In the most significant club match he has played in this decade, goalkeeper Majed Naser was shown a red card in the 10th minute.
It was June 2012, and Diego Maradona’s Al Wasl were seeking a trophy in the second leg of the GCC Club Championship, at the Zabeel Stadium. Wasl carried a 3-1 lead from the away match at Al Muharraq of Bahrain, and the Dubai club had fireworks set up to celebrate their certain victory.
Wasl leaked a goal. Naser saw red, first in throwing himself at a Muharraq player, then butting another. He was sent off and Wasl played the final 80 minutes with 10 men, losing in a shoot-out. Naser was suspended for six months and disappeared from the national team for two-and-a-half years.
Now 30, Naser this season received a six-month ban by the FA for spitting at a referee after an Arabian Gulf League match, only for the FA appeals committee to overturn the ban a week later. Three years ago, he slapped an opposing coach and was handed a 17-match ban. Last season, he ruptured his Achilles tendon while doing celebratory back flips.
And that is the man Mahdi Ali has chosen as his final line of defence at the Asian Cup, beginning on January 11.
It is a bold move, made even bolder by the likelihood Naser will be handed the captain’s armband.
Technically, he ranks among the country’s finest goalkeepers during the past decade. His athleticism and keen reading of the game have bewitched several UAE coaches.
He was Bruno Metsu’s man in the nets at the 2007 Gulf Cup of Nations when the UAE won its first significant championship. Another European coach, Srecko Katanec, had no doubts Naser should be the keeper at the 2011 Asian Cup. The Emirati was seconds from two clean sheets when an own goal led to defeat.
But the feeling persists, at least among those who know his history, that he is a volcano waiting to erupt. He had discipline issues at the 2007 Asian Cup.

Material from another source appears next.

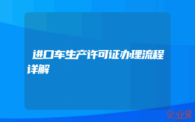 - 进口车生产许可证办理流程详解

He picked up cautions in consecutive defeats and was banned for the final match, a UAE victory.
Mahdi Ali is known for extracting fine performances from players struggling or out of favour with their clubs. Naser will be his biggest test yet.
He could be the shot-stopping genius who makes possible the UAE target of a semi-final run.
Or he could lose control and embarrass himself, his coach and his country – perhaps for the last time.